When we refer to our European based operations, we are primarily talking about sales of prestige fragrance products, conducted through our 73% owned French subsidiary Interparfums SA. When we discuss our United States operations, we are primarily referring to sales of prestige fragrance products conducted through our wholly-owned domestic subsidiaries.
Summarizing our better-than-expected fourth quarter performance, net sales were $177.2 million, up 18.5% from $149.5 million. At comparable foreign currency exchange rates, net sales increased 21.2%. Net sales by European based operations rose 16.8% to $134.8 million from $115.4 million. Net sales by U.S.-based operations were $42.4 million, up 24.4% compared to $34.1 million. Gross margin was 66.1% for both periods. SG&A expenses as a percentage of net sales were 60.1% compared to 61.4%.
Operating income was $10.6 million, up 120% as compared to $4.8 million. Net income attributable to Inter Parfums, Inc. increased 82.9% to $8 million compared to $4.4 million. And finally, net income attributable to Inter Parfums, Inc. per diluted share rose 85.7% to $0.26 from $0.14.
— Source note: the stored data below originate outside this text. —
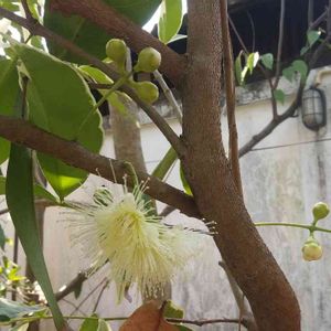 レンブの斑入り種が初開花しました。 だけど斑入り種にも関わらず、8割方は葉に斑なし。陽射しが強いと斑がなくなるのかな? 果実の収穫が終わったら遮光してみよっと。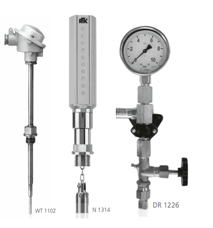 La imagen ilustra sensores de temperatura, presión y nivel.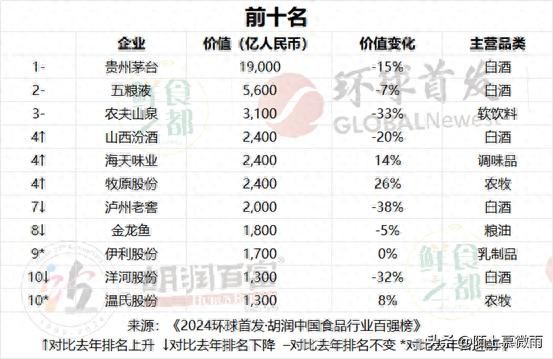 贵州茅台以1.9万亿的价值蝉联中国食品行业最具价值企业,尽管相比去年下降了15%。五粮液以5600亿元的价值位居第二,价值下跌7%。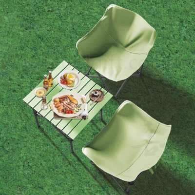 尺寸、重量: 桌子-約53x51x50cm、2.2kg 椅子-約43x43x68cm、0.9kg 材質:牛津布+加粗鋼管 內容物:桌子x1、椅子x2 包裝:提盒 特性: 1.可折疊好收納 2.適用於露營、野餐、沙灘、釣魚、居家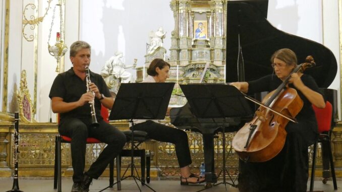 Alle ore 19:00, presso la Chiesa di San Gregorio, Collegiata di Santa Maria Assunta, sempre a Montone il concerto di musica classica dell’Eolian Trio. Con Carmelo Dell’Acqua al clarinetto, Francesca Taviani al violoncello e Laura Cozzolino al pianoforte, saranno eseguiti il Trio in mi b maggiore “Kegelstatt-Trio”, K 498 (1786) di Wolfgang Amadeus Mozart, il Trio op. 11 in si “Gassenhauer” (1797) di Ludwig Van Beethoven e il Trio in la minore op. 114 (1891) di Johannes Brahms. L’Eolian Trio è il risultato dell’incontro di tre musicisti di riconosciuta e raffinata esperienza e dal comune interesse dei tre interpreti per il repertorio cameristico. Laura Cozzolino, Francesca Taviani e Carmelo Dell’Acqua hanno perfezionato la propria formazione musicale presso prestigiose Accademie, fra le quali: Accademia Chigiana di Siena, Mozarteum di Salisburgo, Accademia di Imola, Scuola di Musica di Fiesole e con Maestri come il Trio di Trieste, Piero Farulli del Quartetto italiano, il Trio Ciaikowsky, Francesco Strano, Amedeo Baldovino, Richard Stoltzman, Rocco Filippini, Antony Pay, Pier Narciso Masi, Gervase De Peyer, Alfred Prinz, Bruno Canino, Andrew Marriner, Antonio Ballista. Hanno vinto numerosi premi in concorsi nazionali e internazionali: Giovan Battista Pergolesi di Napoli, Carlo Zecchi di Roma, Città di Barletta, Giovanni Battista Viotti di Vercelli, Festival Nazionale di Taranto, Antonio Scontrino di Trapani, Città di Grosseto, Città di Caltanissetta, Città di Pistoia, Vincenzo Scaramuzza di Crotone, Città di Acqui Terme, Wassily Kandinsky di Avellino. Carmelo Dell’Acqua è docente di pianoforte e clarinetto presso il Conservatorio di Musica “Vincenzo Bellini” di Catania, Francesca Taviani di Musica da Camera presso il Conservatorio di Musica “Giuseppe Martucci” di Salerno.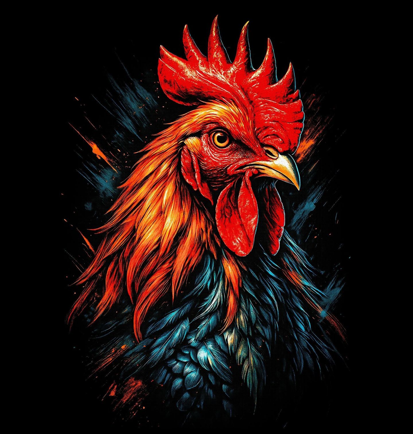 Pánské tričko Farmářský Kohout. Kohout jako pták je od nepaměti symbolem bdělosti, síly a dominance. Na farmě představuje přirozeného strážce a vůdce hejna – zde je zachycen jako skutečný král dvora. Design je ideální pro milovníky venkova, zvířat, farmářské tematiky i pro ty, kteří mají rádi výrazné a originální umění.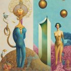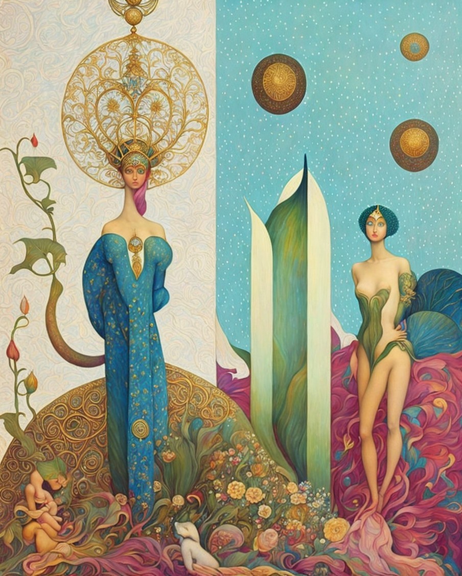 A vibrant, surreal painting featuring two elegant figures—one in blue adorned with nature motifs, the other in green—surrounded by whimsical floral elements and playful cherubs, set against a contrasting background.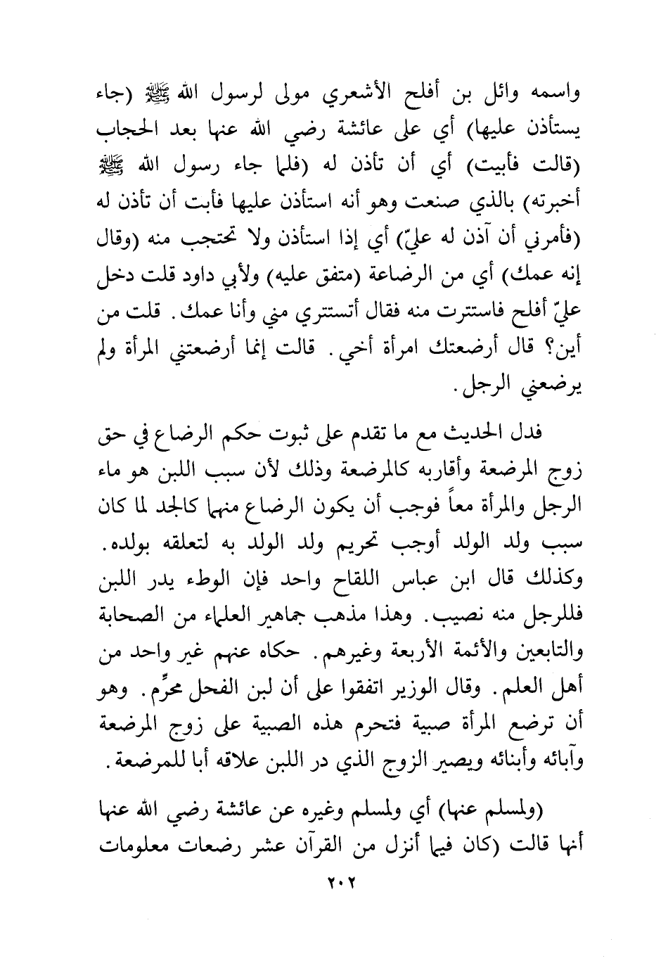 فدل الحديث مع ما تقدم على ثبوت حكم الرضاع في حق زوج المرضعة وأقاربه كالمرضعة وذلك لأن سبب اللبن هو ماء الرجل والمرأة معًا فوجب أن يكون الرضاع منهما كالجد لما كان سبب ولد الولد أوجب تحريم ولد الولد به لتعلقه بولده، وكذلك قال ابن عباس اللقاح واحد، فإن الوطء يدر اللبن فللرجل منه نصيب، وهذا مذهب جماهير العلماء من الصحابة والتابعين والأئمة الأربعة وغيرهم، حكاه عنهم غير واحد من أهل العلم، وقال الوزير اتفقوا على أن لبن الفحل محرم، وهو أن ترضع المرأة صبية فتحرم هذه الصبية على زوج المرضعة وآبائه وأبنائه ويصير الزوج الذي در اللبن علاقة أبا للمرضعة.

Thus, for the year as a whole, net sales increased 14.3% to a record $675.6 million as compared to $591.3 million in 2017. At comparable foreign currency exchange rates, net sales increased 12.8%. Net income attributable to Inter Parfums, Inc. increased 29.3% to $53.8 million from 2017's $41.6 million. And net income attributable to Inter Parfums, Inc. per diluted share rose 28.6% to $1.71 from $1.33 per diluted share in 2017.
Most of my financial discussion will be focused on the year as a whole, but a few fourth quarter items are worth noting. It helps to know that in the final quarter of 2018 the average dollar-euro exchange rate was 1.14 versus 1.17, resulting in a slight benefit to gross margin for our European operations. In addition, income from operations in the fourth quarter of 2017 included a $2.1 million impairment charge relating to our legacy mass-market business. Since I'm sure you’ve all spent the weekend reviewing our 2018 annual report on Form 10-K, you know that there is more to be gained by looking at our business on an annual basis rather than by an isolated quarter.
We've already discussed the contributions to our gross sales in our press release, but I do want to highlight two 2018 game-changer brands for us. The first, which is part of our European based operations is Coach, a brand which has gone from zero to close to $100 million since 2016 when our first Coach scent was launched. The second brand is GUESS, the addition of GUESS legacy scents beginning in April 2018 has been a major contributor to the increase in 2018 sales. Another point worth emphasizing is our European based product sales were meaningfully ahead of last year, not because of a major blockbuster launch, but rather on the basis of continued sales of established scents along with the introduction of several flankers and brand extensions.
Moving on to profitability inputs, gross margin for our European operations was 66.3% in 2018 and 67.1% in 2017. The average dollar-euro exchange rate was 1.18 for the full year in 2018 as compared to 1.13 for the full year in 2017. With that weaker dollar accounting for the small fluctuation in gross margin.
For U.S. operations, gross margin was 51.4% in 2018, up more than 200 basis points from 49.3% in 2017 with the improvement primarily resulting from increased sales of higher margin prestige products under license.
There isn't much to talk about in the SG&A arena, except to say that these expenses accounted for 49.3% of net sales in 2018 and 50% in 2017. Since 2017, we have earmarked 21% of net sales as our aggregate annual promotion and advertising expenditure target. Such expenses aggregated 20.7% in 2018 as compared to 20.9% in 2017.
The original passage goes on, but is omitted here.